Die Entwicklungen in Mindanao sind eine Kernelement für einen revolutionären Umbruch auf den Philippinen. Die ausgedehnten sozialen Mobilisierungen, geführt von der legalen und klandestinen revolutionären Linken, könnten auch das technokratische Regime von Macapagal-Arroyo zu Fall bringen. Doch hat die jüngere philippinische Geschichte bereits öfters derartige Ereignisse gezeigt, ohne eine wirkliche Macht des Volkes konsolidieren zu können. Der Fortgang des moro-islamischen Unabhängigkeitskampfes in Mindanao dagegen kann eine politische Sprengkraft regionaler Bedeutung gewinnen, bedenkt man den Kontext der nationalen Krise Indonesiens und die internationale Polarisierung zwischen dem Westen und der islamischen Welt.
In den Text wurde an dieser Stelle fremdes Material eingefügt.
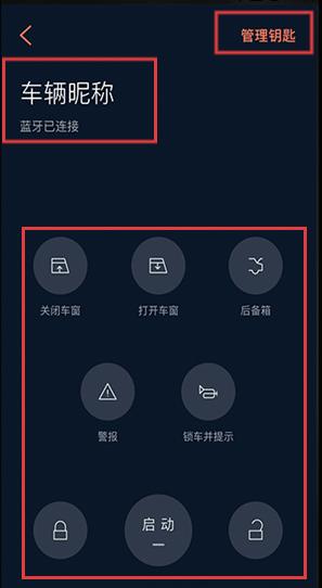 2、进入【管理钥匙】页,可设置车辆昵称,远程控制车窗、后备箱等,管理车辆钥匙权限。

Dieses wichtige Element einer revolutionären Krise der philippinischen Nation anerkennend, liegt eine der Stärken der philippinischen kommunistischen Bewegung in ihrer Verteidigung des Rechtes auf Selbstbestimmung der Moros.
Die Dynamik der Abu Sayyaf muss wie die der gesamten islamischen Bewegung nach dem 11. September genau beobachtet werden, ohne deren Ursprünge als CIA und regierungsnahe Gruppe als ewige Antwort auf die Frage nach ihren politisch-sozialen Charakter zu wiederholen. Ansprechpartner antiimperialistischen Solidarität mit Mindanao sind aber sicher MNLF und MILF sowie die revolutionäre Linke, sowohl Bayan und Bayan Muna als auch die Kommunistische Partei der Philippinen und die Neue Volksarmee, die trotz politischer Fehler im Laufe ihrer langen Geschichte nicht geschlagen wurde und die wesentliche Kraft einer antiimperialistischen und sozialrevolutionären Umgestaltung der Philippinen bleibt.